Data extracted from a collection —

=== Begin Enclosure ===

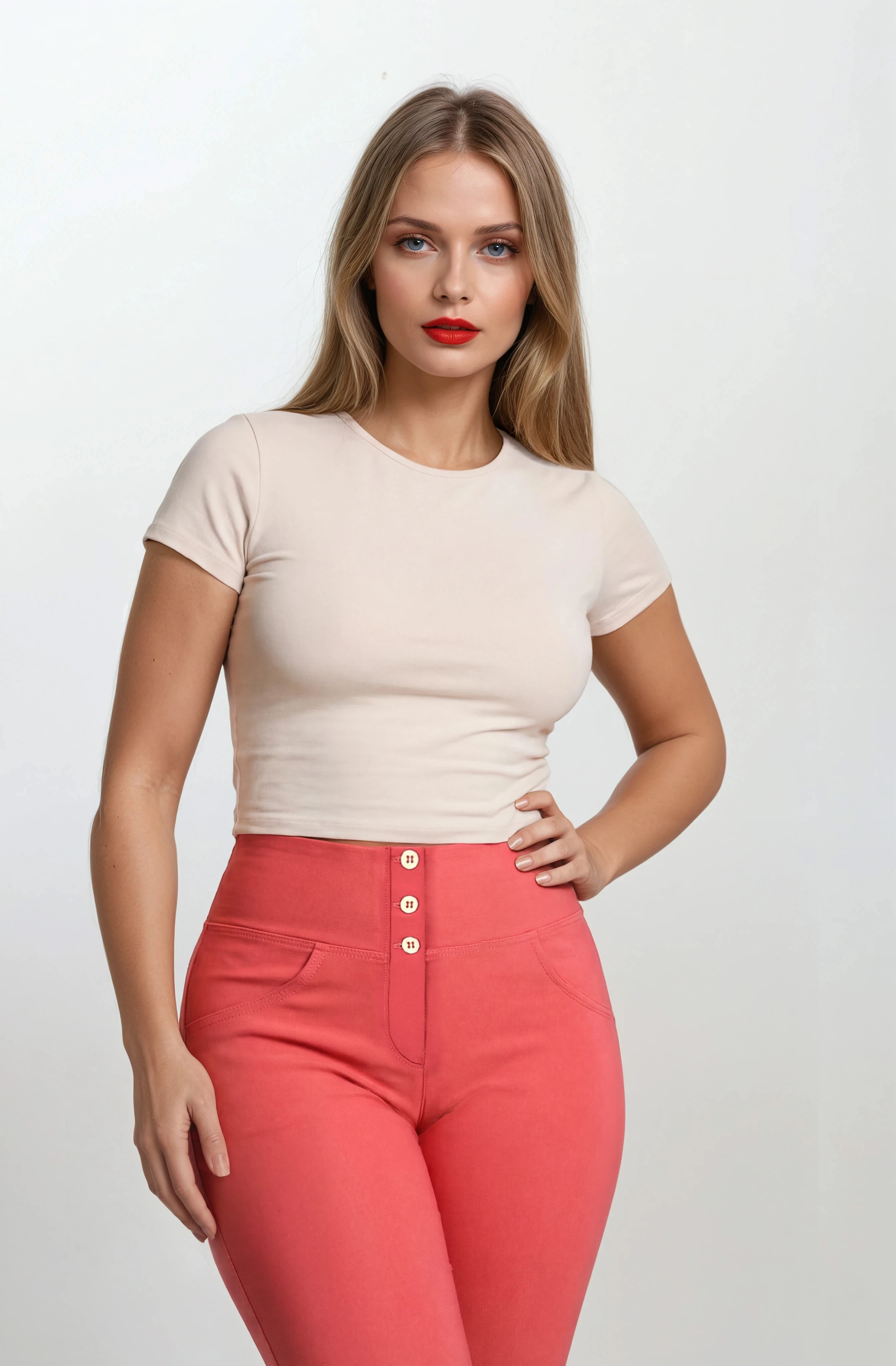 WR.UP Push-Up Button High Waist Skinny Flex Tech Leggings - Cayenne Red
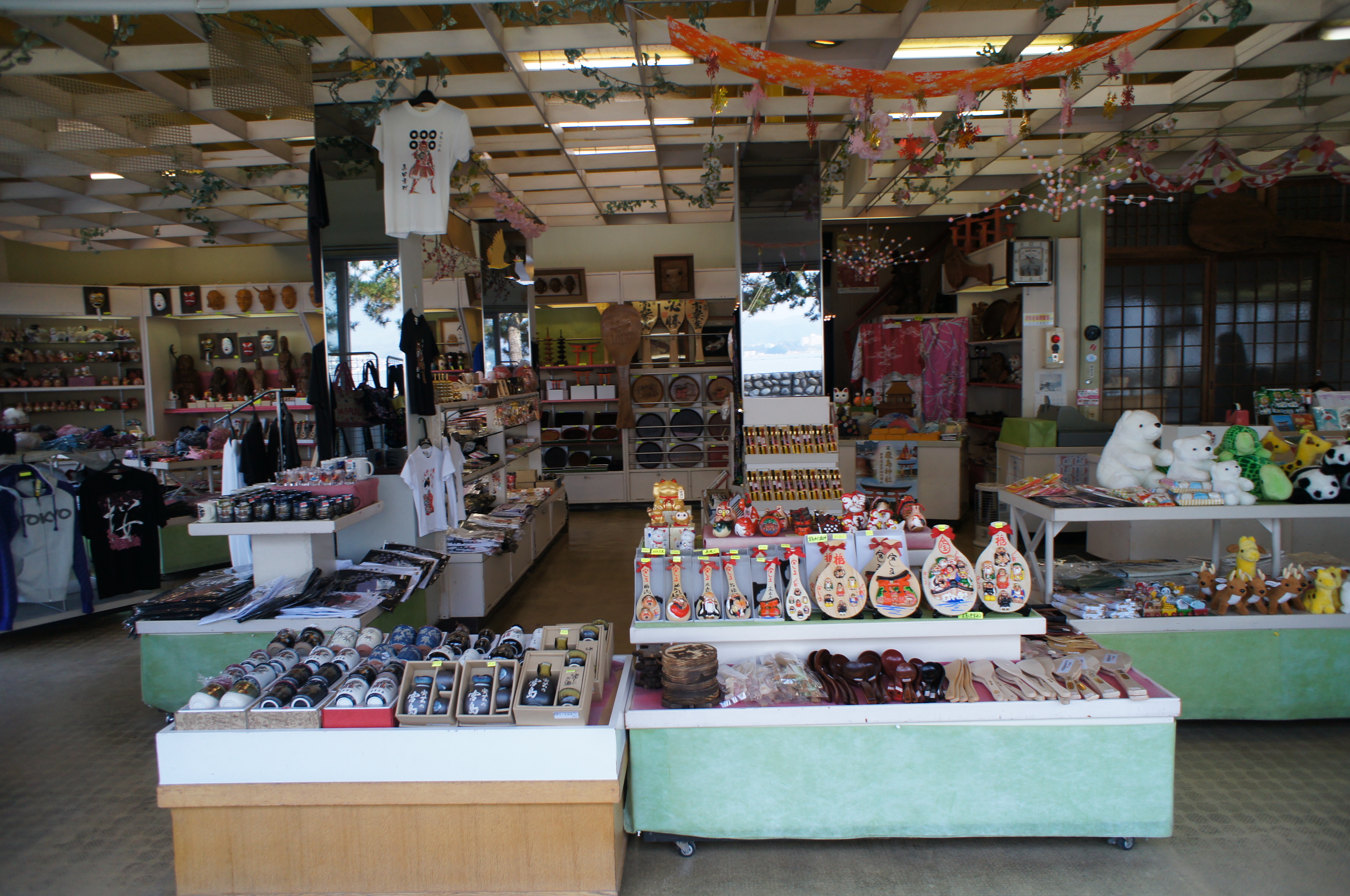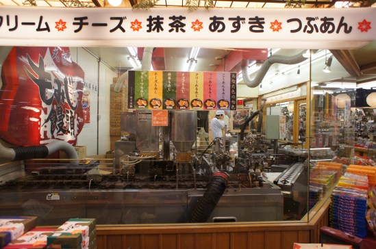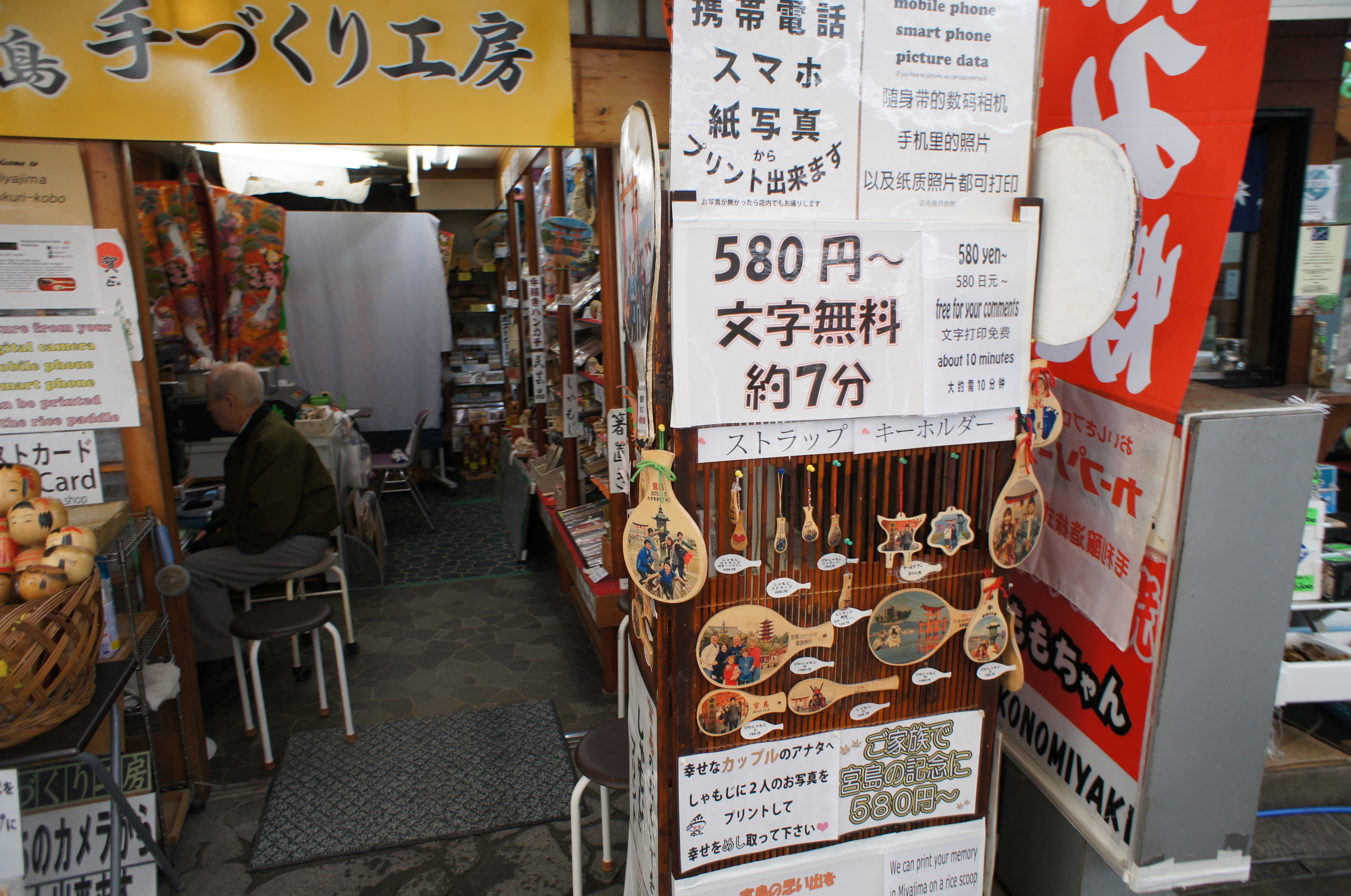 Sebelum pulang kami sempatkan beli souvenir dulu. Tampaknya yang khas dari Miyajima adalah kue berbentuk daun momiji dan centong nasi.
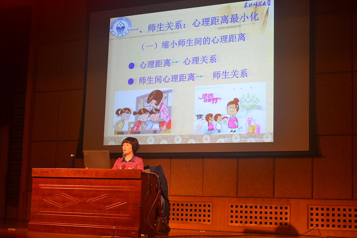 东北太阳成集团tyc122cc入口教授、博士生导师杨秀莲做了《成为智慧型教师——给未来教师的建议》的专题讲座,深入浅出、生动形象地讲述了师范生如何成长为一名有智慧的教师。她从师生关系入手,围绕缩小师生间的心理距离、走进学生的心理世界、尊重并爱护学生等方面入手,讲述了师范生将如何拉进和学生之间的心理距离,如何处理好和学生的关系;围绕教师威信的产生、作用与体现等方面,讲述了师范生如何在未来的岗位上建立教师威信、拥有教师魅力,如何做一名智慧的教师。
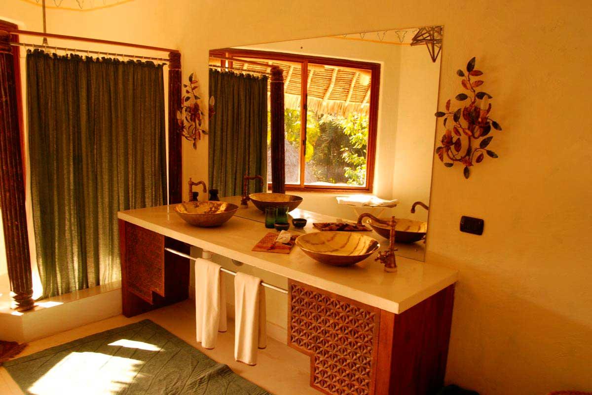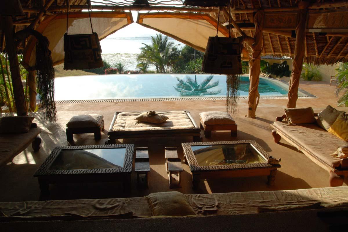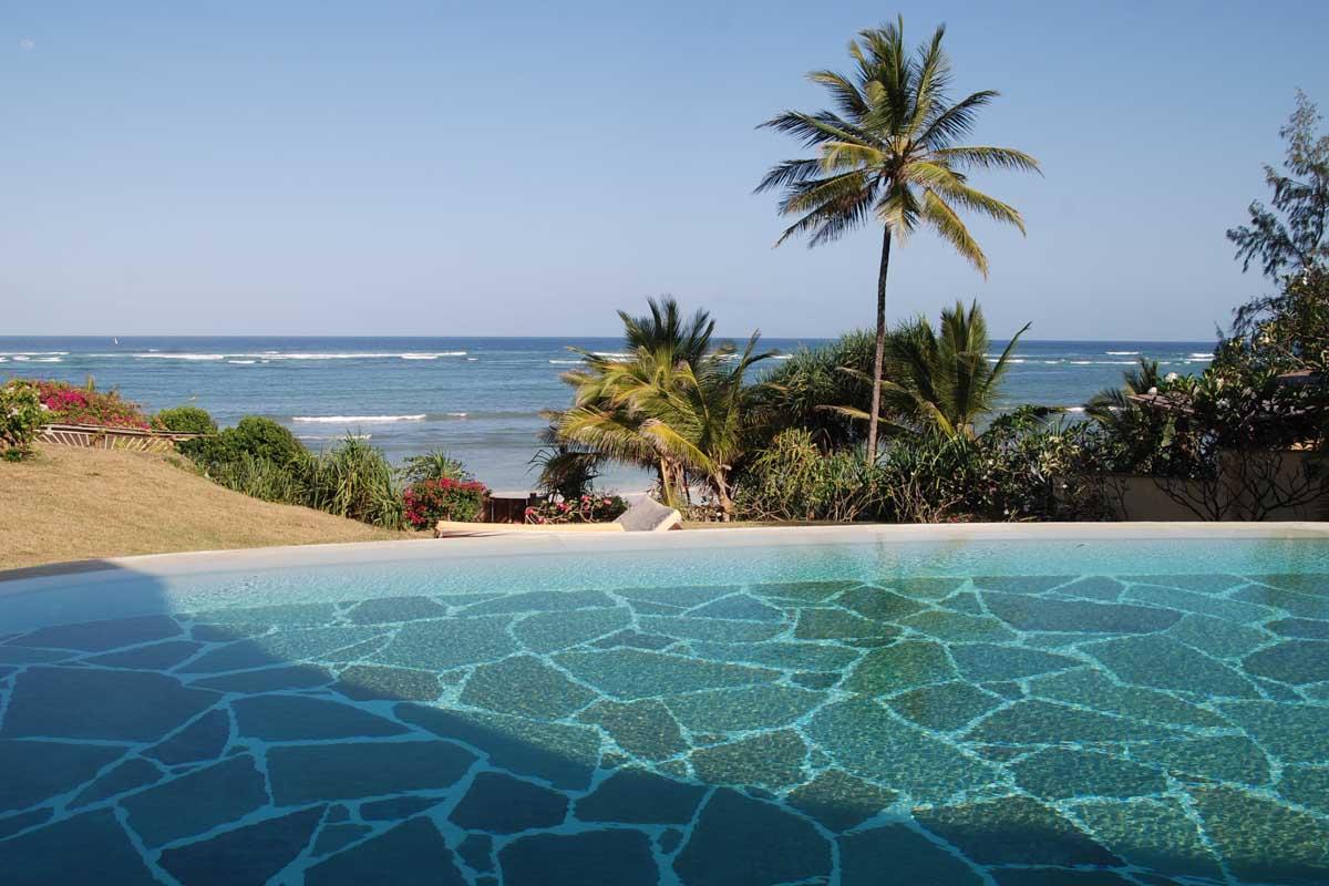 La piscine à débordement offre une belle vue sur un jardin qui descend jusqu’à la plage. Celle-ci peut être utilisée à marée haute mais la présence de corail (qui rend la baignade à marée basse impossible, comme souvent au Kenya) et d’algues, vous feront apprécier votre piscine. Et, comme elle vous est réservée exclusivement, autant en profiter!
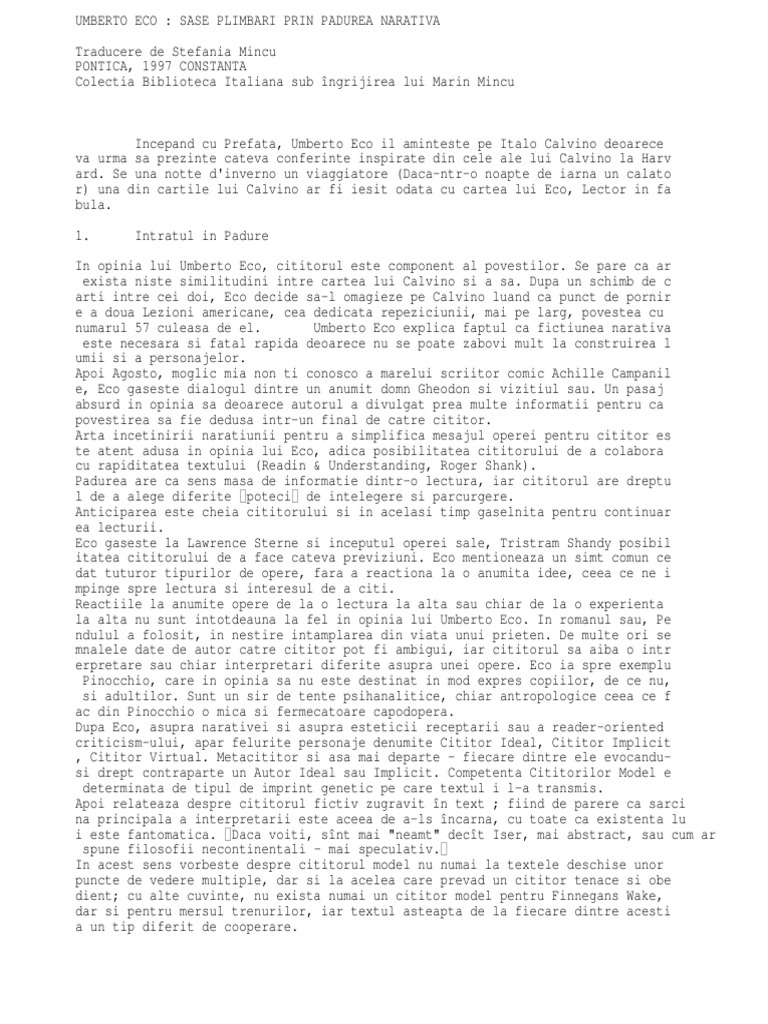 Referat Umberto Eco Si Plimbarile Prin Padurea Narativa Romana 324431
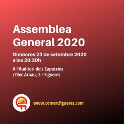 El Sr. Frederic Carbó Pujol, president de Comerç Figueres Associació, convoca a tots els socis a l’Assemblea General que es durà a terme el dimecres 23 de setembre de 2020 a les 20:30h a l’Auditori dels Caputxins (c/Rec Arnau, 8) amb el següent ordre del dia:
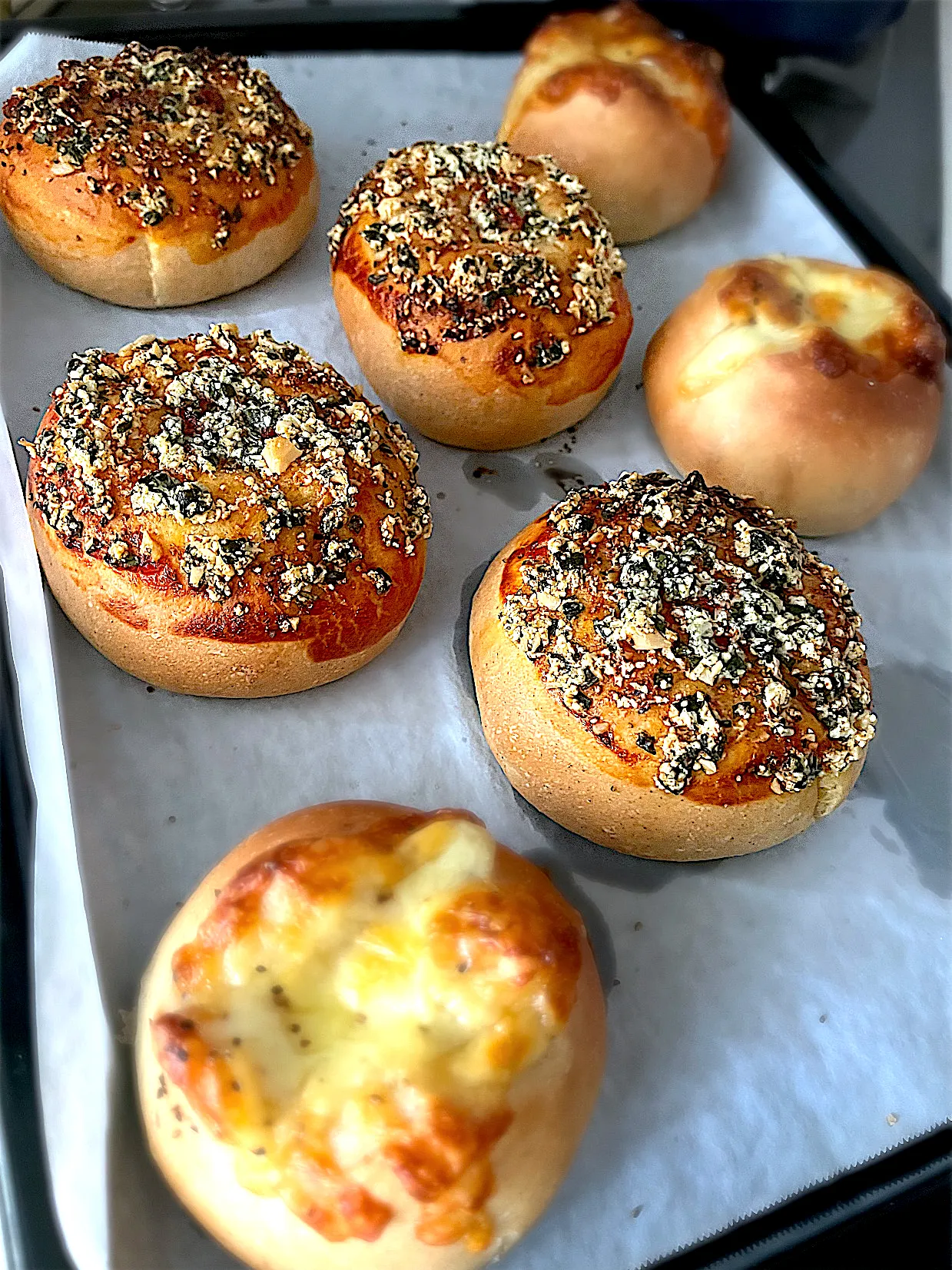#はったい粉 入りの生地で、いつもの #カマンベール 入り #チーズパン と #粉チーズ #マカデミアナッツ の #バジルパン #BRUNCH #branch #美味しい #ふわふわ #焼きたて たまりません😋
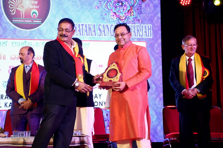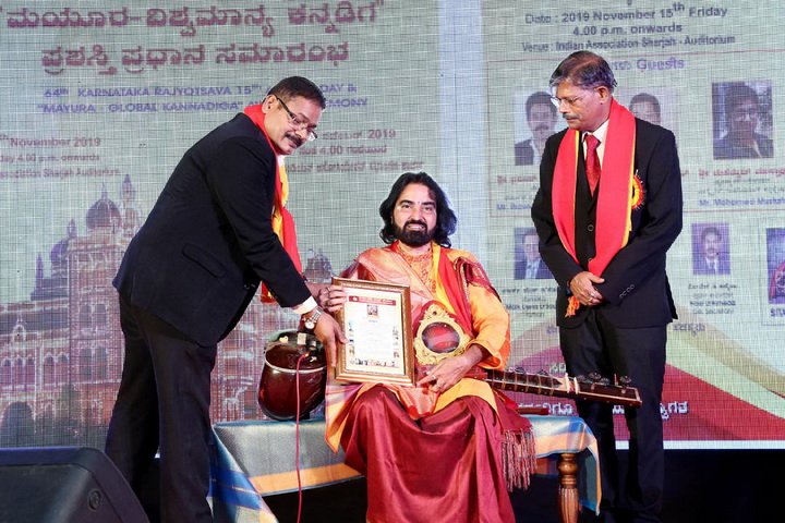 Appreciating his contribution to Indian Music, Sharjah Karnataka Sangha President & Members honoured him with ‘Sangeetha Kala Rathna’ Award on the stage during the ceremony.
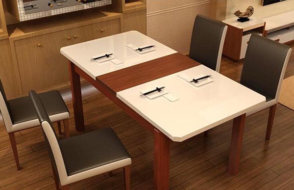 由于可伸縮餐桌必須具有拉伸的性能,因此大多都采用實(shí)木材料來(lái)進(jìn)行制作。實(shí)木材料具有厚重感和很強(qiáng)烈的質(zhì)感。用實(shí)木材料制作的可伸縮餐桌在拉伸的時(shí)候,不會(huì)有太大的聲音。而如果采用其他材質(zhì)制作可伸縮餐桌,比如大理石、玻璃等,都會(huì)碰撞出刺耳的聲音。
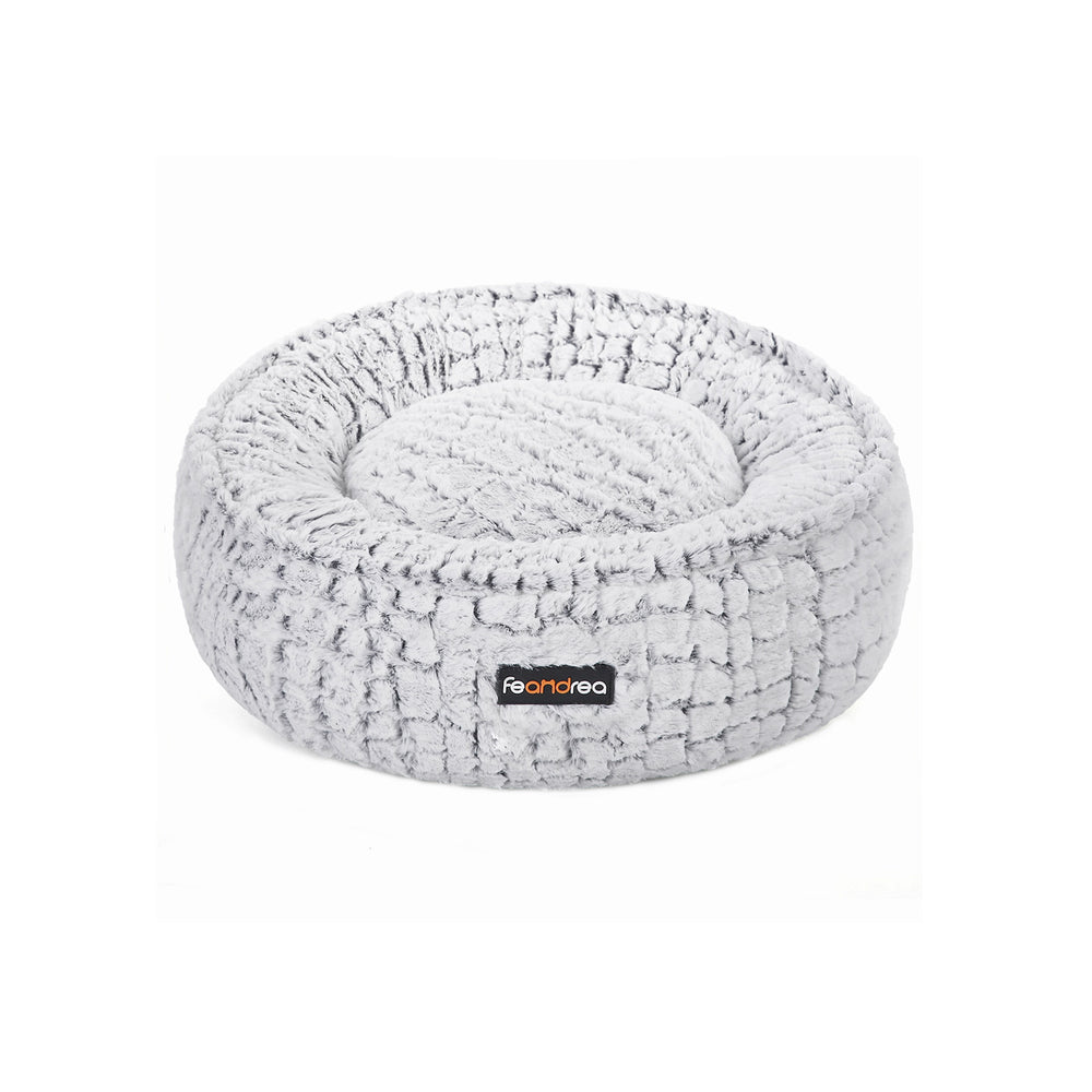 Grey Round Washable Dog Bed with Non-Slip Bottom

=== End Enclosure ===

Required action —
Write out nothing but the lines from the start of the data through the line with "#はったい粉 入りの生地で、いつもの #カマンベール". Leave out the pictures.

Written answer —
 WR.UP Push-Up Button High Waist Skinny Flex Tech Leggings - Cayenne Red
 Sebelum pulang kami sempatkan beli souvenir dulu. Tampaknya yang khas dari Miyajima adalah kue berbentuk daun momiji dan centong nasi.
 东北太阳成集团tyc122cc入口教授、博士生导师杨秀莲做了《成为智慧型教师——给未来教师的建议》的专题讲座,深入浅出、生动形象地讲述了师范生如何成长为一名有智慧的教师。她从师生关系入手,围绕缩小师生间的心理距离、走进学生的心理世界、尊重并爱护学生等方面入手,讲述了师范生将如何拉进和学生之间的心理距离,如何处理好和学生的关系;围绕教师威信的产生、作用与体现等方面,讲述了师范生如何在未来的岗位上建立教师威信、拥有教师魅力,如何做一名智慧的教师。
 La piscine à débordement offre une belle vue sur un jardin qui descend jusqu’à la plage. Celle-ci peut être utilisée à marée haute mais la présence de corail (qui rend la baignade à marée basse impossible, comme souvent au Kenya) et d’algues, vous feront apprécier votre piscine. Et, comme elle vous est réservée exclusivement, autant en profiter!
 Referat Umberto Eco Si Plimbarile Prin Padurea Narativa Romana 324431
 El Sr. Frederic Carbó Pujol, president de Comerç Figueres Associació, convoca a tots els socis a l’Assemblea General que es durà a terme el dimecres 23 de setembre de 2020 a les 20:30h a l’Auditori dels Caputxins (c/Rec Arnau, 8) amb el següent ordre del dia:
#はったい粉 入りの生地で、いつもの #カマンベール 入り #チーズパン と #粉チーズ #マカデミアナッツ の #バジルパン #BRUNCH #branch #美味しい #ふわふわ #焼きたて たまりません😋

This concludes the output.